If B, who is a non-executant, is in possession and sues for a declaration that the deed is null or void and does not bind him or his share, he has to merely pay a fixed court fee of Rs. 19.50 under Article 17(iii) of Second Schedule of the Act. But if B, a non-executant, is not in possession, and he seeks not only a declaration that the sale deed is invalid, but also the consequential relief of possession, he has to pay an ad-valorem court fee as provided under Section 7(iv) (c) of the Act. Section 7(iv)(c) provides that in suits for a declaratory decree with consequential relief, the court fee shall be computed according to the amount at which the relief sought is valued in the plaint. The proviso thereto makes it clear that where the suit for declaratory decree with consequential relief is with reference to any property, such valuation shall not be less than the value of the property calculated in the manner provided for by clause (v) of Section 7." 8. On the other hand, Mr.

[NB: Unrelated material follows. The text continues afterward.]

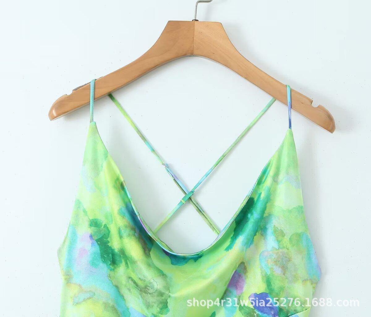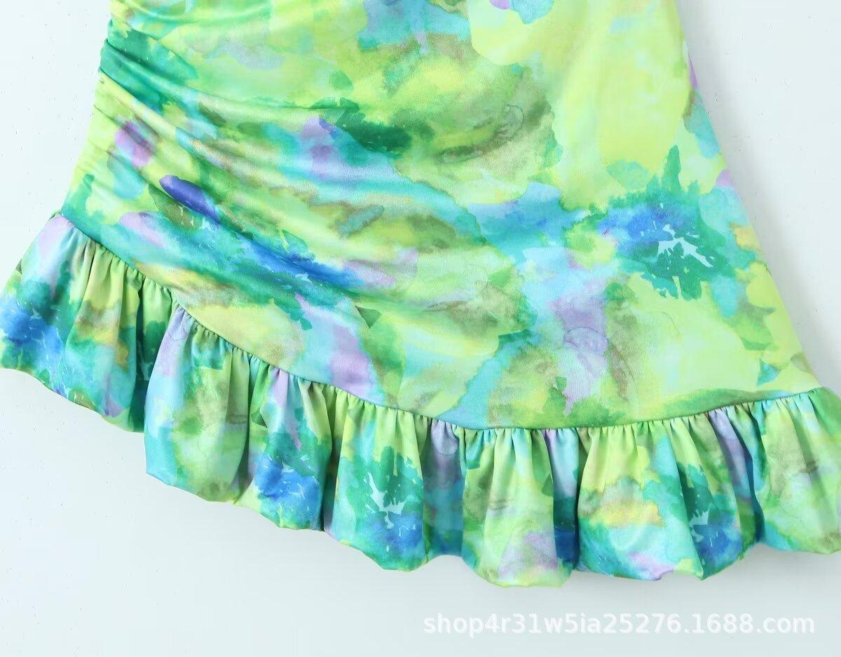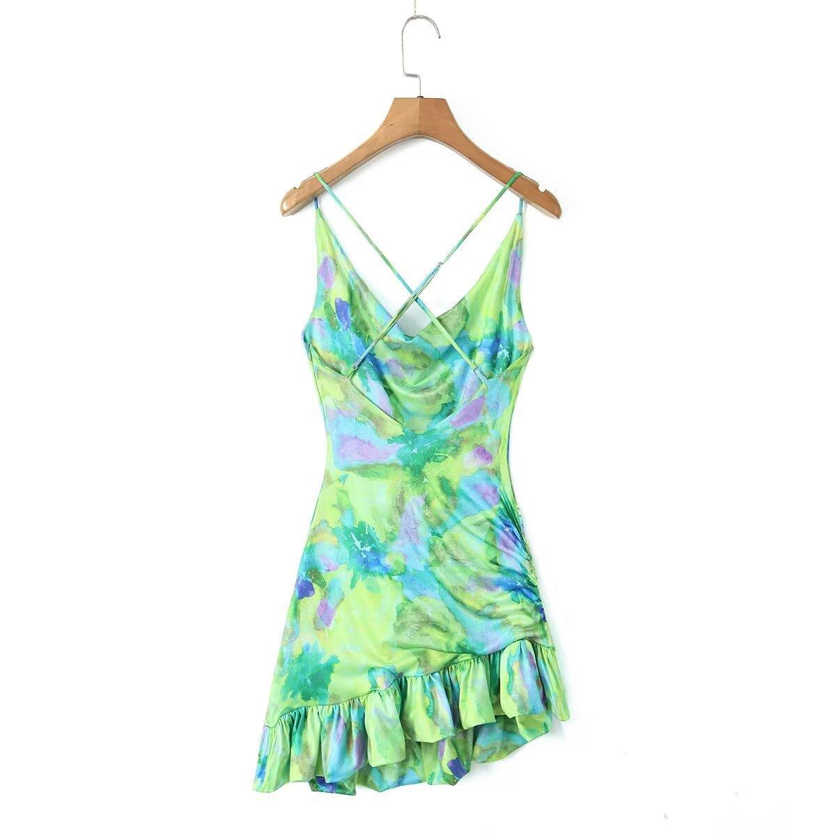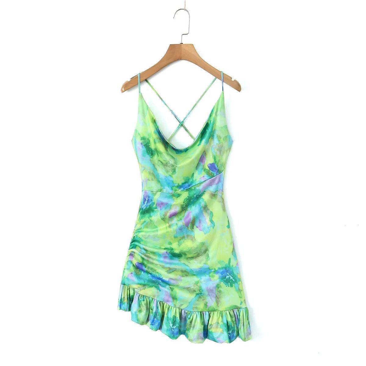 Europeo y Americano 2024 Nuevo Estilo de Verano Look Adelgazante y Versátil Francés de Alta Elasticidad Estampado Asimétrico Vestido de Tirantes Falda Corta

J.S. Hooda, Advocate appearing on behalf of the respondents has vehemently argued that the plaintiff has also sought a decree of possession, therefore, he is liable to pay Court fee even as per the illustration given in para No. 6 of the order passed by this Court in CR No. 22 of 2009. 9. I have heard both learned counsel for the parties and have perused the record with their assistance. 10. Undisputedly, in the sale deeds executed by defendants No. 1 & 2 mentioned hereinabove, the plaintiff is not a party, thus in terms of the law laid down by the Division Bench of this Court in CR. No. 22 of 2009, plaintiff is not liable to pay the ad valorum Court fee as he is only seeking declaration being already in possession and insofar as the alternative prayer for possession is concern, it is a contingent event that in case the plaintiff is dispossessed and the possession is to be restored by the trial Court, plaintiff would pay ad valorum Court fee to claim that relief as well. In view of the above discussion, this revision is allowed and I hold that the order is patently illegal and as such the same is hereby set aside. No costs.